DEN HAAG – Minister Ronald Plasterk van Binnenlandse Zaken en Koninkrijksrelaties reageert uiterlijk 1 mei op de ernstige tekortkomingen in de Rijkscoördinatie op Bonaire, Sint Eustatius en Saba.
Een doorlichtingsonderzoek concludeert dat de coördinatie van de Nederlandse overheid in Caribisch Nederland van geen kanten deugt.
In een brief aan de Tweede Kamer stelt Plasterk dat de bevindingen na een onderzoek van de coördinatie ‘zijn indruk van de ernst van de situatie’ bevestigen. Het onderzoeksrapport is het eerste deel van een grondige evaluatie van de Rijkscoördinatie. De Tweede Kamer kreeg het rapport dat al in november gereed was, overhandigd nadat de inhoud is uitgelekt naar de media.
Vertrouwen
De doorlichting, uitgevoerd door de Inspectie Signalering Begeleiding (ISB) van het ministerie van Buitenlandse Zaken, wijst uit dat er veel gedaan moet worden om de coördinatie op de eilanden te verbeteren. Er is sprake van het ontbreken van een geïntegreerde meerjarenplanning voor de BES-eilanden, geen onderlinge vertrouwen en samenwerking, slechte communicatie, gebrek aan regie en goede afstemming en het uitblijven van uitwisseling van ideeën en visies.
Plasterk heeft al in december na de presentatie van het rapport een bestuurlijke commissie in het leven geroepen die de Rijkscoördinatie op staatkundig en bestuurlijk vlak moet uitpluizen.
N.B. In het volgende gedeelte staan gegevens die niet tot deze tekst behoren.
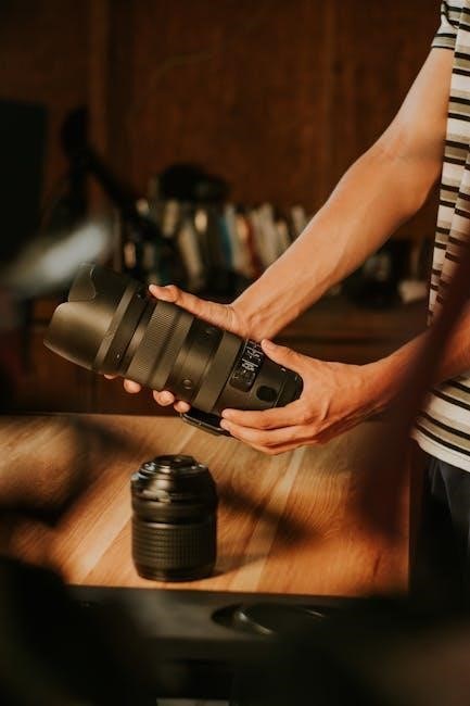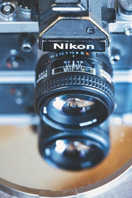 Use a soft‚ dry cloth to gently wipe the camera body and avoid harsh chemicals. For lenses‚ employ a microfiber cloth to remove smudges. Regularly inspect and clean the viewfinder and mirror to ensure optimal performance. Avoid touching lens surfaces to prevent fingerprints and scratches. Store lenses with caps on to reduce dust exposure and maintain clarity in your photographs.
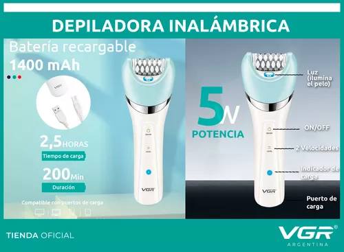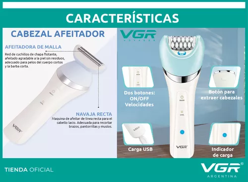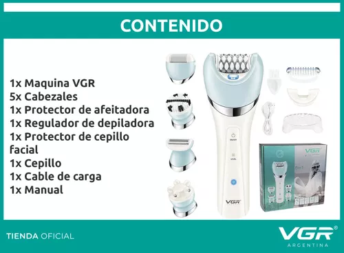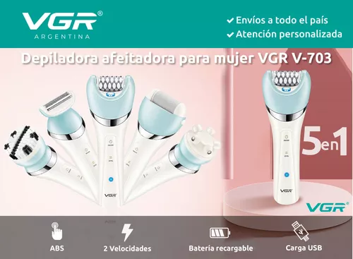 Kit Depiladora Afeitadora Exfoliador Inalambrico Vgr V-703 Blanco y Verde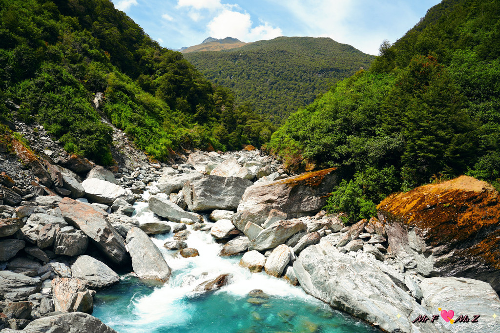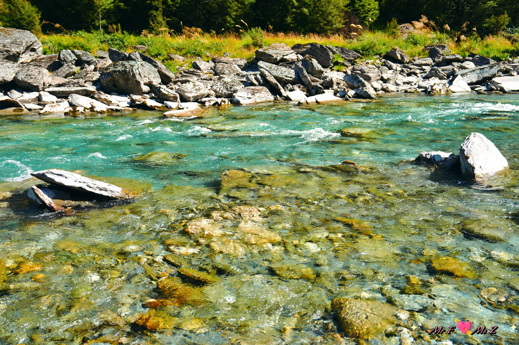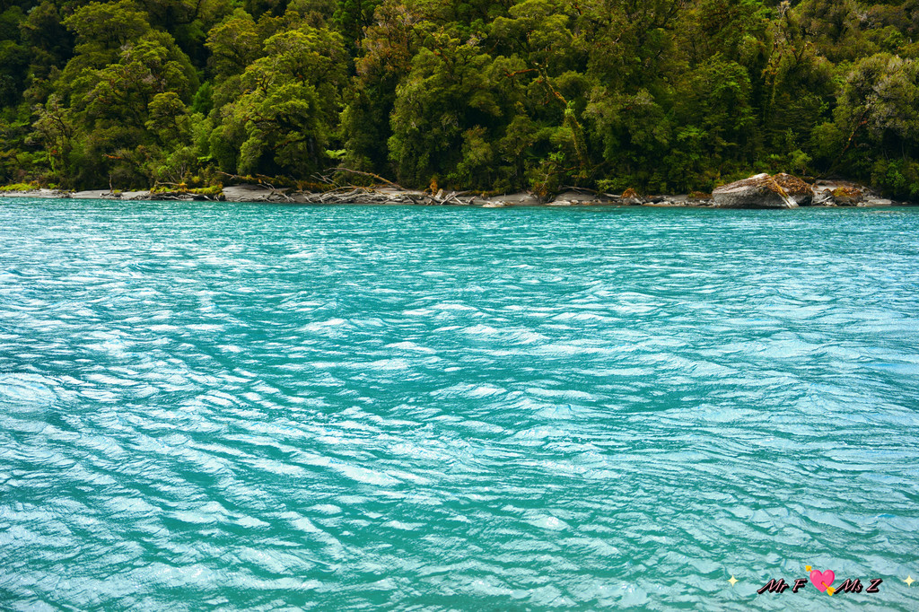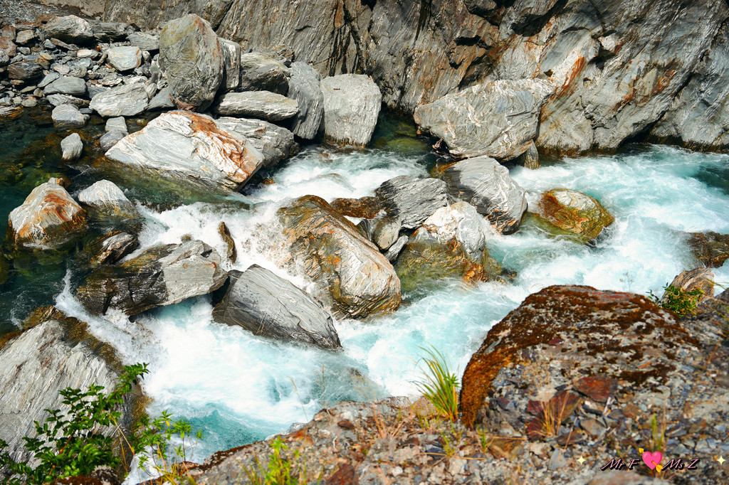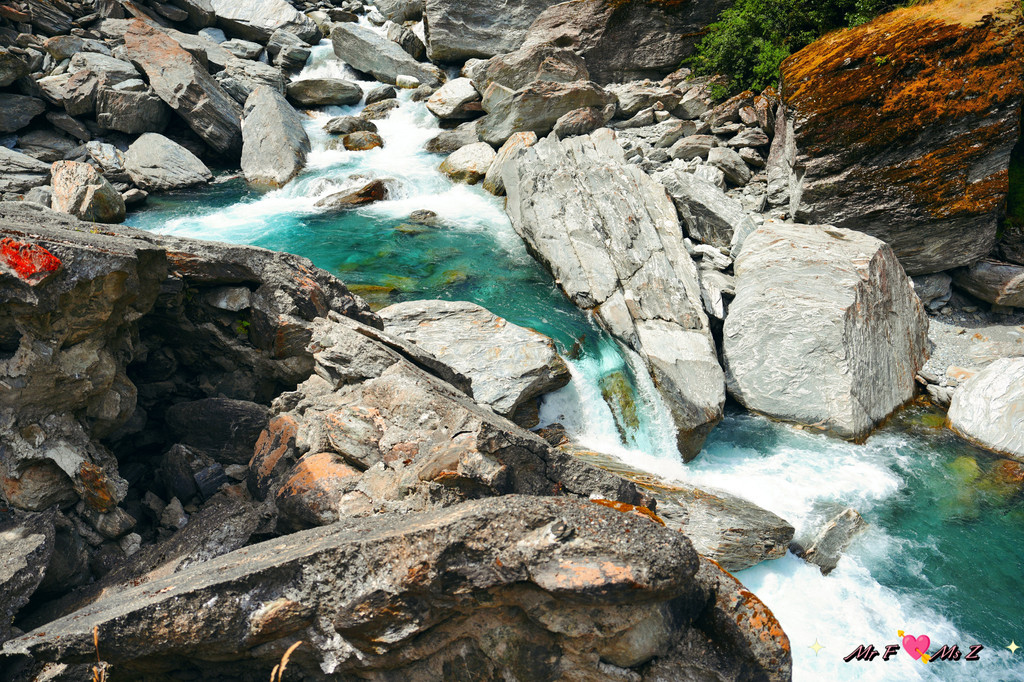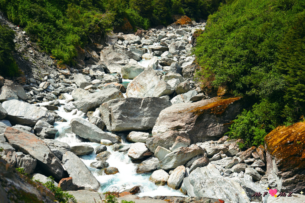 冰川融水在岩石间欢跃,将整条河床染成流动的翡翠,粼粼波光里倒映着南阿尔卑斯山终年不化的雪冠。

Plasterk hoopt deze maand nog gerichte voorstellen te krijgen over inzet en regie van BZK en de rol van de Rijksdepartementen. De commissie moet ook concrete aanbevelingen doen over de verantwoordelijkheden van de Rijksvertegenwoordiger en een betere aansluiting tussen de Rijkscoördinatie, Rijksvertegenwoordiger en de drie openbare lichamen.
Stolte
Het onderzoeksrapport is vernietigend voor Rijksvertegenwoordiger Wilbert Stolte. Plasterk benadrukt al in het begin van zijn brief aan de Kamer dat Stolte op 1 mei zijn functie neerlegt. Stolte heeft zijn functie geen goede invulling gegeven. Hij heeft geen vertrouwen zowel in Nederland als op de drie eilanden.
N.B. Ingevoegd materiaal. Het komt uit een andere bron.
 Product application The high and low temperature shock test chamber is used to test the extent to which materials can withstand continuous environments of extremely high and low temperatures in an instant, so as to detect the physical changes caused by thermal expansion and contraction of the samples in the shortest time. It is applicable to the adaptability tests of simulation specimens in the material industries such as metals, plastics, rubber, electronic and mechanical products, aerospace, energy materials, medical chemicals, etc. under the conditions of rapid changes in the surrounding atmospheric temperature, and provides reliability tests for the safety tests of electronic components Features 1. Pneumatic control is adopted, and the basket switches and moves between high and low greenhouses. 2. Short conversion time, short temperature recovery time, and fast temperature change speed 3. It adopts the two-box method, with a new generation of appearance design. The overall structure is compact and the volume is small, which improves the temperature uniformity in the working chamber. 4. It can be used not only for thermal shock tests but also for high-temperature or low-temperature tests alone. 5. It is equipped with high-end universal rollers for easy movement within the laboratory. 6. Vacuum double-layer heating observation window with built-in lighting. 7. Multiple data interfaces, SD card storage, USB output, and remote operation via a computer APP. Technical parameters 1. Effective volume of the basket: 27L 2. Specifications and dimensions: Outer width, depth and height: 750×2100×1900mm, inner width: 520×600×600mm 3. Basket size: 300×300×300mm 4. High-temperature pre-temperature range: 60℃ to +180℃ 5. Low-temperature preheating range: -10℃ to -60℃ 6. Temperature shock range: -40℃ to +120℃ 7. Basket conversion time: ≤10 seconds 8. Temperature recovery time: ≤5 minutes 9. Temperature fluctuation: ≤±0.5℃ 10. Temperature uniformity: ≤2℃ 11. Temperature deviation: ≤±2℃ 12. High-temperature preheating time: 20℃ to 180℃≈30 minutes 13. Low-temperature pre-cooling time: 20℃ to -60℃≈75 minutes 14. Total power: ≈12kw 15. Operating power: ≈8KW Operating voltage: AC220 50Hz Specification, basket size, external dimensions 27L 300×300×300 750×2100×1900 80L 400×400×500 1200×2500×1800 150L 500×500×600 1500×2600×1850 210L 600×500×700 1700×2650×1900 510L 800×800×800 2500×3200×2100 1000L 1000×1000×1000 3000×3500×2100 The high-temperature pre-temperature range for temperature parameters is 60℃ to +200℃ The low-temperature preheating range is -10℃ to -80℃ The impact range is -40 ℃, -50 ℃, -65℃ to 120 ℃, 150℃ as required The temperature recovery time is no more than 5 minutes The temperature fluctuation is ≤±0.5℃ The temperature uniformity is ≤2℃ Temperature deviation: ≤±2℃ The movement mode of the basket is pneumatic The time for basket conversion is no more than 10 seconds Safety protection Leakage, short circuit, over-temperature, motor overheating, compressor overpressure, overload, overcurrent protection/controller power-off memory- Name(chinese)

Een van de conclusies van de onderzoekers naar aanleiding van de individuele interviews luidt: “Zijn coördinerende rol reikt niet veel verder dan het uitwisselen van selectieve informatie tijdens een wekelijks diensthoofdenoverleg. Zakelijk gezien is er naar het inzicht van deelnemers aan het diensthoofdenoverleg, geen beleidsagenda en het overleg behelst zelden inhoudelijke beleidsdiscussies.” Ook de relatie tussen Stolte met de openbare lichamen is ‘in het algemeen niet goed te nomen’, stellen de onderzoekers.
De ISB beveelt aan om een tijdelijke Rijksvertegenwoordiger te benoemen die tot de grote bestuursevaluatie in 2015 de functie ‘in rustiger vaarwater’ kan krijgen. Ook moet de nieuwe vertegenwoordiger een ruime ambtelijke ervaring hebben met politiek inzicht. Maar hij moet onafhankelijk zijn en boven partijen staan.